Author(s): U K Mallick , S M Hossain Shahid , Mohammad Asaduzzaman, Aflatun Asha, Sayem Mohammad Farhad, SuptaBardhan, Nahin Siddique, Nahid Sarker, Omar Faruq and Ashikur Rahman

The incidence of methanol intoxication is less common in Bangladeshi population. Early and aggressive management with bicarbonate, ethanol and hemodialysis in patients having significant toxicity will decrease mortality and improve patient’s outcome. Our experience of SLED in haemodynamically unstable patient with inotrpic support may improve outcome.

Case presentation: A-45 years old male bussinessman, diabetic and hypertensive was admited into cabin with history of restlessness, blurring of vision and breathlessness 1 day. Inspite of conservative treatment after 10 hours his general condition gradually detoriated, so he shifted to ICU and kept in mechanical ventilator. His laboratory results showed a severe high anion gap metabolic acidosis not corrected by sodibicarb and adequatefluid resuscitation. His neurological codition of patient was detoriating and MRI of brain showed bilateral putamenal lesion suspecting methanol intoxication. After conservative treatment, his general condition was deteriorated and acidosis was not corrected rather than he developed acute kidney injury so haemodialysis (SLED) was started after taking nephrology consultation. After giving 3 sessions of SLED, metabolic acidosis was corrected with normalization of renal function. His vital signs stabilized and he was extubated subsequently. After six months in a follow-up patient complained total blindness and fundal photography showed bilateral optic atrophy.
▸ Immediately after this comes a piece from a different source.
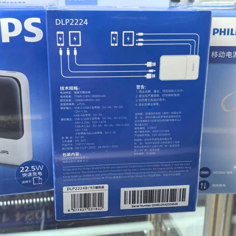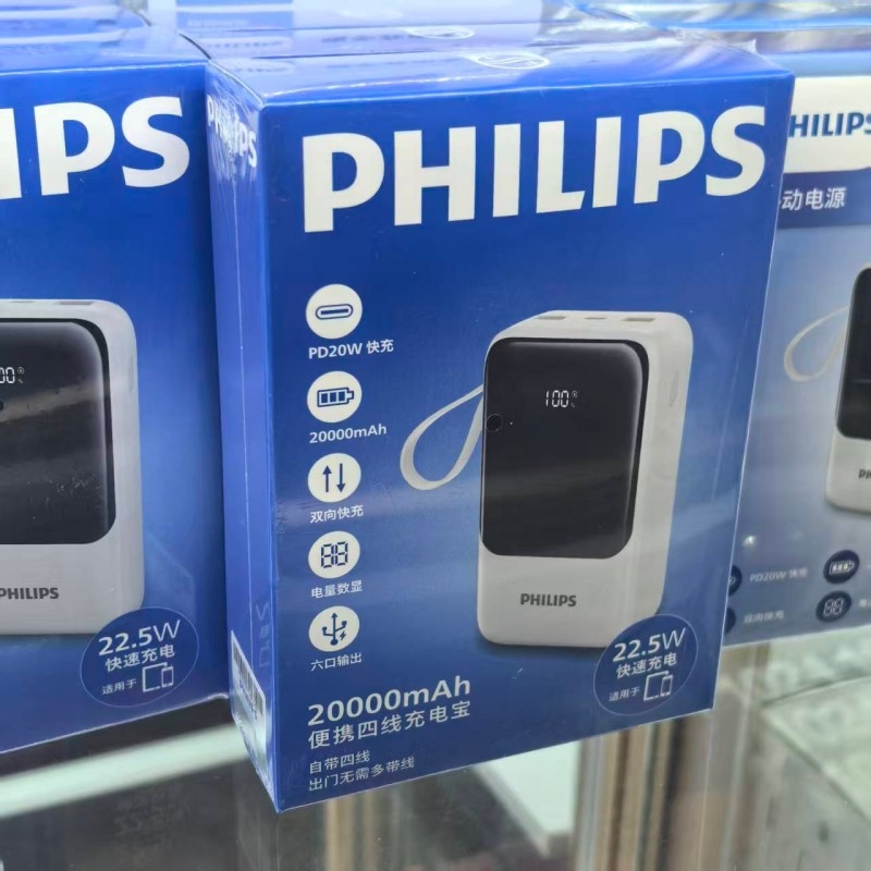 飞利浦 2万毫安充电宝快充自带四线DLP2224

Conclusions: We conclude that in case of severe metabolic acidosis, methanol intoxication always should kept in mind in a patient of Diabetes Mellitus suspecting DKA .Early initiation of haemodialysis is very effective to reverse renal and metabolic abnormalities inspite of haemodymis unstability. Metabolic improvements do not equal to healing the patient, especially permanent neurological deficit like blindness may persit.